Monday, December 20, 2010

“Show some respect to this living legend, this Hall of Famer … Arvydas Sabonis"

I do an amazing impression of the man on the right.

There are benefits to writing a blog instead of a syndicated column. One is what you are about to read.

See, I would be eviscerated for this column if it entered the national spotlight. I would be considered a woman-hater. While that may not be far off base, it’s not the case when it comes to athletics. I prefer women’s tennis to the men’s version (and not SOLELY because I enjoy watching the likes of Maria Kirilenko and Ana Ivanovic).

I’ll even watch the occasional women’s college basketball game. I’ve watched parts of two Baylor games this season, against Connecticut and against Tennessee. The latter prompted me to make my favorite joke of the year (Brittany Griner reminds me of a modern-day Wilt Chamberlain … not so much in how she plays, but more because she is a giant who is going to sleep with 20,000 women).

I also watch both college football and high school football. That doesn’t make them the same thing, which is why I find it so outrageous that people are talking about UCONN’s 88-game winning streak in the same breath as the UCLA teams of the early ‘70s that won 88 games in a row.

I mean, if people had spoken of De La Salle High School’s 151-game winning streak as breaking Oklahoma’s record for consecutive wins (47), it would have been laughed off, right? Well, you’d hope, but to me, that would have still made more sense than comparing UCONN’s women to UCLA’s men.

Ignore for a minute that the worst men’s college basketball team would obliterate the UCONN women. That’s not the point. I fully congratulate Geno Auriemma and his players for their accomplishment of beating other women’s teams.

But do you know why Auriemma has never taken a men’s college basketball job? Here’s a hint. It’s not because his current position is more rewarding from either a career standpoint or a financial standpoint.

It’s because the men play a completely different game. Different ball, different rules (You can use the whole shot clock to get the ball across half court. How stupid is that?) and different tactics.
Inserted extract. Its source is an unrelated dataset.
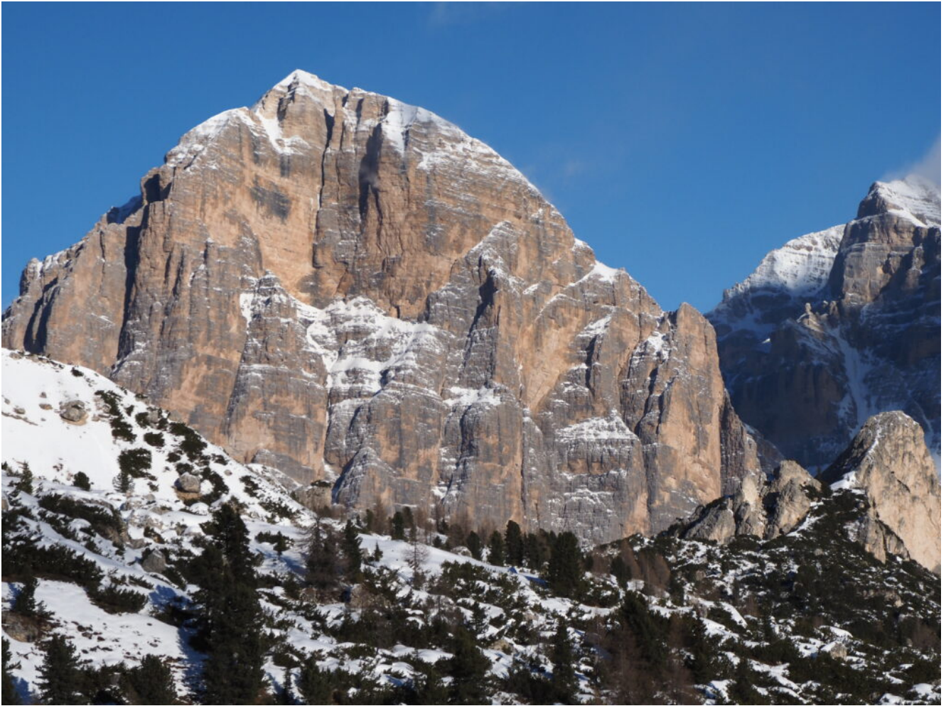
37 – 38- La Tofana di Rozes.

Most damning, there is a completely different talent pool. See, this is something else that will sound chauvinistic, but if you are honest with yourself, you have to admit there are more good male college basketball players than female college basketball players. It’s not Maya Moore’s fault that this is the case, but most girls don’t grow up with a basketball underneath their pillow, to quote Cheech & Chong.

So while we should appreciate what the UCONN women have done, to compare them to the teams led by Sidney Wicks, Henry Bibby, Bill Walton (who I have always loved and will always love – I mean, who else uses a Walton quote for a title of a blog entry?) and Jamaal Wilkes and the competition they played is both blasphemous and ridiculous.

It has been over THIRTY years since a men’s college basketball team went undefeated. UCONN would have to go thirty years without losing to deserve a spot in history next to John Wooden’s great teams of the 1970’s.

Don’t be politically correct, be rational. Even if you’re a woman and that word isn’t a part of your daily vocabulary.